Michael Chapman: True North

A couple of years ago Yorkshire-born English singer-songwriter-guitarist Michael Chapman made the album 50 (reviewed here) to celebrate half a century as a professional musician. With 50 he achieved a late career high and some attention from a new younger audience. It was a fine album of new and reworked old songs recorded for the first time in America with a small band of musicians including producer Steve Gunn.

Chapman first gained a formidable reputation as an innovative guitarist on the UK folk club scene though he was never a typical folkie and was more influenced by American jazz, blues and roots music. Along with Richard Thompson he has a guitar style that is instantly recognisable and all his own. He is also a gruff-voiced singer with a gift for creating poignant songs about love, loss, regret, and life on the road.

50 seemed a fitting end to a long career but Chapman obviously had other ideas and he isn’t finished yet. At 78 he is back now with a new album recorded this time in rural West Wales but with Steve Gunn returning as producer and guitarist. Also on board are Bridget St. John (vocals), Sarah Smout (cello) and B.J. Cole (pedal steel).

True North follows a similar formula with recordings of new songs plus a few older ones and there are also a couple of guitar instrumentals. The album is more atmospheric and minimalist and is generally not as loud or intense as its predecessor. The addition of some lovely colours from cello and pedal steel really brings out the best in allowing the songs to breathe and in complementing Chapman’s vocals and guitar.

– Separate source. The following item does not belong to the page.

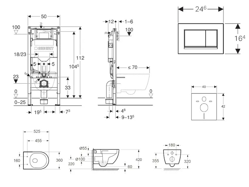 - pro závěsná WC s připojovacími rozměry podle EN 33 a přesahem do 70 cm

No-one coming cold to this album would be entranced by the vocals on first listen but this is Michael Chapman and his admirers know exactly what to expect and rightly wouldn’t want it any other way. His laconic phrasing is exactly what’s needed and then there is always that gorgeous deep acoustic guitar sound which gets under the skin whether on the instrumentals or on the melodic and melancholy songs

Not surprisingly Chapman’s concerns here are most often focused on memory and regret and there is an elegiac and reflective note as he comes to terms with it all. Titles such as ‘It’s Too Late’, ‘After All This Time’ and ‘Youth is Wasted on the Young’ tell their own tale. On ‘Vanity and Pride’ he sings: “if only time were on my side” but this and another song ‘Hell to Pay’ are in fact re-imaginings of songs from his 1997 album Dreaming Out Loud.

Despite the sombre tone this is never a depressing album, rather it’s an uplifting one as Chapman really gets into his inimitable stride. The longest track ‘Truck Song’ is the centrepiece of the album and in its lyrics and languid rolling guitar phrases it encapsulates everything that is great about the man and his music. Its images evoke a Giorgio de Chirico painting of lengthening shadows and the distant sound of a train. True North is his strongest work for a couple of decades and stands up there with the very best of his many recordings.

True North is out now on Paradise of Bachelors.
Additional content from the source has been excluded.